Our expectations regarding the timing of a launch for Avive+, our statement regarding the timing of the complete Biologics License Application submission for Avance Nerve Graft, as well as statements of the timing of the approved BLA. Our expectations that, assuming approved the BLA, Avance Nerve Graft will be designated as a reference product and expected market exclusivity of such designation. Our belief that our balance sheet will continue to be sufficient to bridge through to cash flow breakeven and longer-term profitability.
Our expectation is that we will continue trending towards cash flow breakeven, and our belief that trends towards operating leverage will allow us to maintain a strong balance sheet position and provide ample support as we work towards profitability. Forward-looking statements are based on current beliefs and assumptions and are not guarantees of future performance and are subject to risks and uncertainties, including, not without limitation, the risks and uncertainties reflected in the company's annual and periodic reports, such as hospital staffing issues, regulatory processes and approvals, surgeon and product adoption, and market awareness of our products.
The forward-looking statements are representative only as of the date they are made and except as required by applicable law. We assume no responsibility to publicly update or revise any forward-looking statements.
In addition, for a reconciliation of non-GAAP measures, please reference today's press release and our corporate presentation on the Investor section of the company's website. Now, I would like to turn the call over to Karen. Karen?
Karen Zaderej (President, CEO, and Member of The Board of Directors)
Thank you, Harold, and thank you all for joining us today as we discuss our 2023 fourth quarter and full year financial results. 2023 was a solid year of key accomplishments, and we enter 2024 with a strong commercialization strategy, fueled by innovation and focused execution by our sales team.
Full year 2023 revenue was $159 million, a 14.7% increase compared to 2022. In the back half of 2023, we saw improved commercial execution, during this period, we estimate that revenue from our emergent trauma procedures grew in the mid-single digits, and revenue from scheduled procedures grew above 25% as compared to the same period in 2022.

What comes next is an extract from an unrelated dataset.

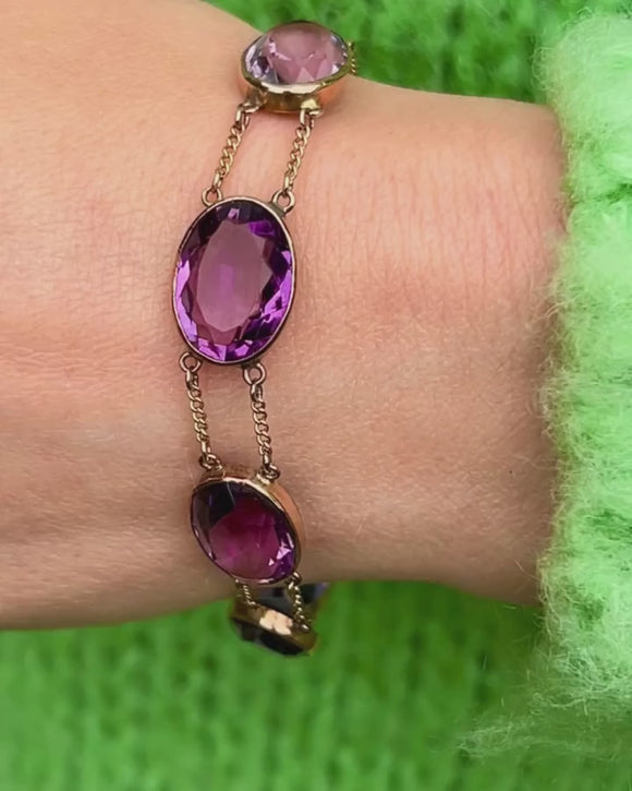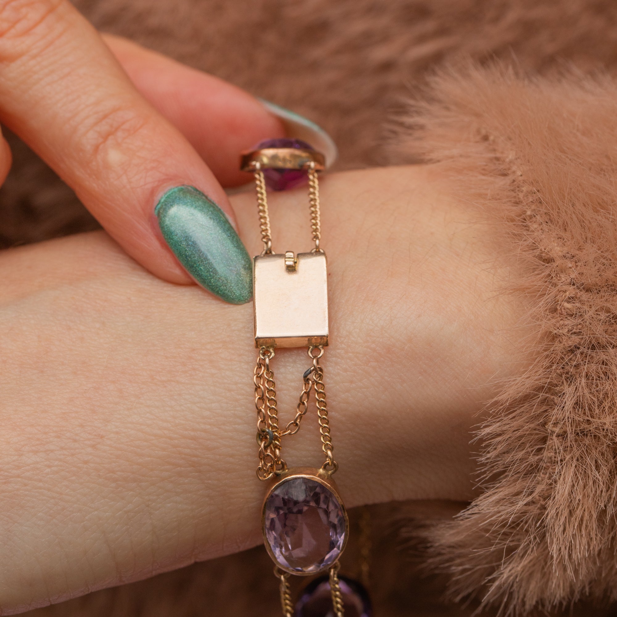 Fit for royalty, this antique 9ct Gold Amethyst bracelet is home to six vibrant oval-cut Amethysts with a total spread of 28.00ct!

As a reminder, these estimates of procedure categories are based on available data received from hospitals and sales reps and assumptions regarding specific surgeon practices and account information, and as such, are subject to the limitations of the data received and/or assumptions.
We're pleased with our progress and execution as we drive long-term growth, leveraging innovation, clinical data, surgeon education, and patient activation. We're appreciative of our ongoing surgeon engagement and feedback as they continue to integrate Axoguard HA+ into their nerve protection algorithm, finding differentiated applications as compared to Axoguard Classic. We're confident that Axoguard HA+ will expand the adoption of nerve protection products and will help more patients with nerve injuries.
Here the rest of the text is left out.